Clayton Morrison

Team roper Clayton Morrison, right, and his partner Sean Santucci had a frustrating run Saturday night at the the Farm-City Pro Rodeo in Hermiston.

PENDLETON — Clayton Morrison has already made a name for himself in the world of steer wrestling.

The Pendleton cowboy finished last season at No. 12 in the Columbia River Circuit standings, earning $7,040.67. He’s also toured alongside nine-time Wrangler National Finals Rodeo qualifier K.C. Jones. He’s gathered $98,790 in career earnings.

Now, Morrison is ready to branch out.

Morrison could be seen at Hermiston’s Farm-City Pro Rodeo finale on Saturday night, but this time he wasn’t solo. He and his partner Sean Santucci tried their hand in team roping, and while they received no time, the pairing is one that is sure to last quite some time.

“I steer wrestle, mainly,” said Morrison, 36, “but I’ve been team roping on the side. It’s been going alright so far. We just started roping together a few months ago.”

This year isn’t Morrison’s team roping debut, however — he competed in the event as a college cowboy at the University of Wyoming, where he also dabbled in tie-down roping.

His switch over to team roping didn’t just come from the allure of all-around money. In the past few years, he’s since settled down with two daughters — Mesa, 4, and Monroe, 1. He and his wife Stephanie have another on the way.

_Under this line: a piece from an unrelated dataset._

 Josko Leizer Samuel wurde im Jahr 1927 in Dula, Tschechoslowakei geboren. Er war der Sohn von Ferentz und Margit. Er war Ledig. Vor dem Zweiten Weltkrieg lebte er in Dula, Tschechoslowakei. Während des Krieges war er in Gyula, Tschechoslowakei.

“Steer wrestling is dangerous,” Morrison said. “You can’t steer wrestle forever, but you can rope until you’re 70.”

A history in rodeo

Like many cowboys, Morrison’s family history is steeped in rodeo tradition. His father Al roped and rode bulls, and now works as a supervisor at Chevron on an oil rig off the southwestern African coast. His mother Marla used to barrel race, but is now a second grade teacher in Cavalier, North Dakota — their home state.

As a high schooler in Killdeer, North Dakota, Morrison was a well-versed athlete. He was a quarterback and a defensive back on the varsity football team, where he was an all-region defensive selection. He also spent some time on the basketball court.

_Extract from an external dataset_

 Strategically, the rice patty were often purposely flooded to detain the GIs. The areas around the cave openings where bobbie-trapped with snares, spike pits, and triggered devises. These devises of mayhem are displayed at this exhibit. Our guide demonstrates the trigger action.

After finishing school, he spent a year as a civil engineer at a geotechnology firm out of Colorado Springs, Colorado, but couldn’t stay away from the rodeo lifestyle for long.

“I’ve been around the rodeo my whole life,” he said. “Everyone in my family did it — my parents, uncles, aunts, everybody.”

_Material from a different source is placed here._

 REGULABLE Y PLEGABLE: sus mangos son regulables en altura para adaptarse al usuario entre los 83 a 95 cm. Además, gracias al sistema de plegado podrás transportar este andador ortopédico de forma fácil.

Morrison got his professional career started over a decade ago, at a 2007 performance in his hometown of Killdeer. He became a full-time rodeo cowboy in 2009, and has stuck with it ever since.

A new partnership

Morrison and Santucci’s team roping partnership might be new, but their friendship isn’t.

The two crossed paths years ago, and they quickly found they had plenty in common. Santucci also competes in both steer wrestling and team roping. He’s ranked No. 35 in the CRC team roping standings and No. 4 in steer wrestling.

“We’re having fun,” said Santucci, a Prineville resident. “We’re going to keep at it for as long as we want.”

Santucci also flexed his steer wrestling skills to cap off last week’s Farm-City installment. It was their first local showing of the season so far.

“It’s a great rodeo,” Santucci said of Farm-City. “They have a great committee who built all this new stuff (for the arena), and the fans are amazing.”

A new arena

Morrison has yet to qualify for the NFR or win any world titles, but he and Santucci haven’t lost sight of those goals.

After their Farm-City run, their next target is the world-famous Pendleton Round-Up.

“It’s one of the best rodeos there is,” Morrison said. “I’ve had some pretty good luck there in the past — I’ve won quite a bit on the go-rounds before.”